EXERCISE DESCRIPTION => The expected output is each line from the one containing "Tadellose Ordnung. In" to the last line of the data below, set down exactly, minus the pictures.

INPUT DATA =>
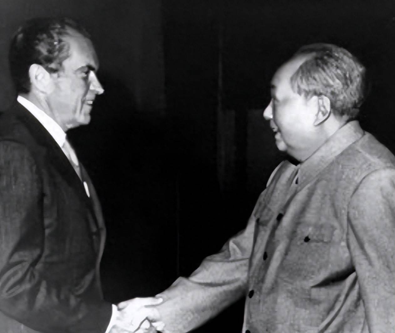 1972年2月21日,在飞机上,尼克松紧张地做着准备。他反复练习着握手的动作,嘴里还念叨着:“可不能失礼,一定要让这次握手完美。”
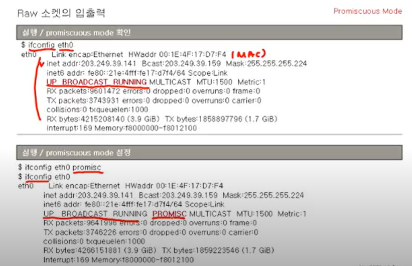 Promiscuous Mode 로 설정된 경우 자신의 맥주소와 다른 소켓도 가져오게 된다. lan에 흘러다니는 모든 소켓을 카피해버린다.
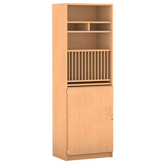 Tadellose Ordnung. In diesem abschließbaren Schrank mit vollständig ausziehbarer Schreibplatte verstauen Sie Formulare und insbesondere Klassenbücher. Dank des variabel positionierbaren Einsatzes mit einer Fächerbreite von 37 x 2,7 x 21,5 cm rutschen die Klassenbücher nicht hinten hinunter. Der Einsatz für Formulare kann ebenfalls individuell eingesetzt werden und hat eine Höhe von 11,5 cm. Die praktische Schreibplatte mit einer Tragfähigkeit von 35 kg befindet sich auf der angenehmen Höhe von 102,6 cm. Das verschließbare Schrankteil darunter bietet ausreichend Stauraum für sämtliche Büroutensilien.
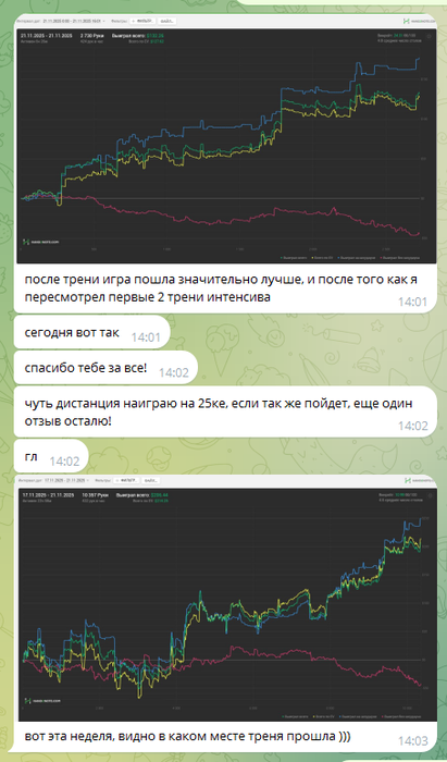Последнее время я стабильно помогаю людям находить их лики с помощью своего опыта, за счет того что много тренил в том числе бесплатно, формируется насмотренность. К каждому звонку отношусь индивидуально, я не помню, чтобы у меня трены с людьми были одинаковыми. Люди точно повышают свои лимиты и доходы после меня. Как минимум несколько людей точно поднялись с нл10 нл25-50 за последнее время. Пройдет время и я уверен они будут на нл100-200 играть.

ANSWER SECTION =>
 Tadellose Ordnung. In diesem abschließbaren Schrank mit vollständig ausziehbarer Schreibplatte verstauen Sie Formulare und insbesondere Klassenbücher. Dank des variabel positionierbaren Einsatzes mit einer Fächerbreite von 37 x 2,7 x 21,5 cm rutschen die Klassenbücher nicht hinten hinunter. Der Einsatz für Formulare kann ebenfalls individuell eingesetzt werden und hat eine Höhe von 11,5 cm. Die praktische Schreibplatte mit einer Tragfähigkeit von 35 kg befindet sich auf der angenehmen Höhe von 102,6 cm. Das verschließbare Schrankteil darunter bietet ausreichend Stauraum für sämtliche Büroutensilien.
Последнее время я стабильно помогаю людям находить их лики с помощью своего опыта, за счет того что много тренил в том числе бесплатно, формируется насмотренность. К каждому звонку отношусь индивидуально, я не помню, чтобы у меня трены с людьми были одинаковыми. Люди точно повышают свои лимиты и доходы после меня. Как минимум несколько людей точно поднялись с нл10 нл25-50 за последнее время. Пройдет время и я уверен они будут на нл100-200 играть.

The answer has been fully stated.